Конечно, если не можешь побеждать окружающий мир, побеждай себя. Но не дурак ли ты после этого?.. Его должны были напугать (и они сделали это с его задрожавшими пальцами), по крайней мере, четыре сильфиды-доказательства, родившиеся при знакомстве с этой Валентиной Сергеевной. Во-первых, само быстрое, без проверок и тщательных оглядок, навязывание тонкими устами Валентины Сергеевны именно ее школы, как только она расспросила его, кто он и откуда такой молодой, высокий мужчина-специалист. “Да что вы, я дам вам великолепную нагрузку из трех седьмых классов и одного пятого и классное руководство, и факультатив, и еще что-нибудь придумаем, глядя на вашу положительность, у вас же семья, ребенок, начало жизни”. Ему бы надо было сразу отказаться от кота в мешке, а он стал выслушивать дальше ее торгашеский голосок и смотреть на нее неудавшимся ангелом. Второе — это то, что она бодро, словно уцепив жар-птицу зубами, как-то по-мужски хмыкнув, назвала его впервые этим животным школьным просторечием — “русаком”, узнав из его жеманных полуответов, что он учитель русского языка и литературы.

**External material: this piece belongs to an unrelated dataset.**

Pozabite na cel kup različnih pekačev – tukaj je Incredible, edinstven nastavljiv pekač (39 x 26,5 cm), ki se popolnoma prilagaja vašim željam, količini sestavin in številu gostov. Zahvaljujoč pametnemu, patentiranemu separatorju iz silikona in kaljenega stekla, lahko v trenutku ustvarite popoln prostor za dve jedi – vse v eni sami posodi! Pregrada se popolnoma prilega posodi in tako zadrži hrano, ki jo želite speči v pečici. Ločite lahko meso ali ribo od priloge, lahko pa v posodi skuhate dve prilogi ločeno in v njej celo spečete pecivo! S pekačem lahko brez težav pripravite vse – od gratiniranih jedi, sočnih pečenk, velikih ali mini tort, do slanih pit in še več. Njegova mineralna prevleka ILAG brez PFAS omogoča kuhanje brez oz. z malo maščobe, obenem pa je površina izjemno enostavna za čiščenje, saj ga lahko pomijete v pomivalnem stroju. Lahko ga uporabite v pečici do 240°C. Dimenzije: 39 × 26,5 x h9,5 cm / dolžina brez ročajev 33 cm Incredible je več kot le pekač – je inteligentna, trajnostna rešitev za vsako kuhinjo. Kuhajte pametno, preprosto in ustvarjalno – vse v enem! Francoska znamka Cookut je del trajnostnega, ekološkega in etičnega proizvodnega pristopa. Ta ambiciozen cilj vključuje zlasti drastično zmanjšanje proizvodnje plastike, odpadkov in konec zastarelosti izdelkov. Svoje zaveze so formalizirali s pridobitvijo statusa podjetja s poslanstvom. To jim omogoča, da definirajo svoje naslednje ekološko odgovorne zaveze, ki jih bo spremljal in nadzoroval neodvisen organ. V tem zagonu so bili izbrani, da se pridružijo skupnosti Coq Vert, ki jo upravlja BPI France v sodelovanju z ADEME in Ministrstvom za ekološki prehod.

Она всплеснула, как топорищами, толстыми руками: “У, я так и догадалась, что вы русак. Ничего, ничего, я вам помогу, я ведь тоже русак”. “Русачка”, — подумал он. Ее околопенсионная внешность располагала к себе чем-то таинственно ложным, и он правильно сообразил, что она может здорово огрызаться и очень зычно орать. Третье — его смутило маленькое голое отверстие на ее чулке у щиколотки и несколько других, затянутых видимыми нитками. Тогда ему представлялось с высоты незнания быта, что респектабельные женщины-директрисы, уж коли они таковы, должны быть безупречны в нижних одеяниях, так же как и в собственной ленинградской речи. Валентина Сергеевна же старомодно и малоросски смягчала исконно твердые позиции перед заднеязычными (“четверьг”, “наверьх”) и в заключение разговора, когда они, так сказать, хлопнули по рукам, сказала что-то с абсолютно неправильным и необычным ударением. Она сказала “прúстрастно” вместо “пристрáстно” относиться к чересчур небесному, вообще пристрáстно прозябать.

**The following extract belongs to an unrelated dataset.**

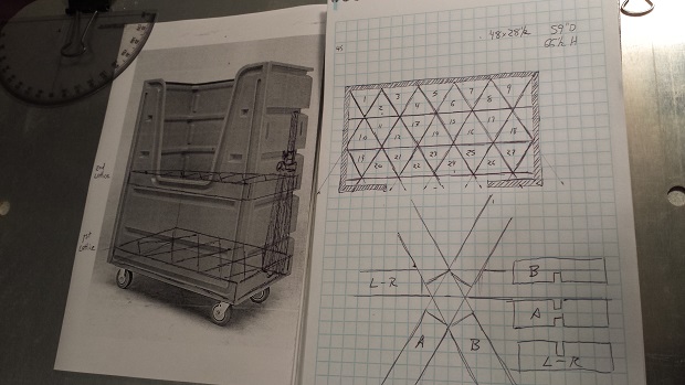 This lighting stand cart was a real joy to make: We were going back and forth about dimensions for a couple weeks when low-and-behold, I ended up at the ER with my youngest (who had just that evening done his first FOH gig (at 10 years old)). I saw the laundry bin and thought "that's perfect". I remembered that the Goodwill stores use these quite a bit. After wheeling and sealing at the Goodwill, I brought home a pair of them for $150.

Он понял тогда, что согласился на деградацию призвания и взялся за черный труд. Он сообразил мимоходом, что, если человек с приглядным имиджем интеллигента-служащего ставит нелепые ударения в общенародных словах, это значит — он их лишь прочитал и никогда не слышал. Он думал, что образованность — это когда сначала слышишь, потом читаешь и наконец произносишь языком. Он сказал, как его зовут по имени-отчеству — Андрей Юрич. Валентина Сергеевна, узнав его имя, еще больше проникла в его застенчивую душу, взяла его трудовую книжку, направление из института и заверила, что оформит все сама, минуя очередь.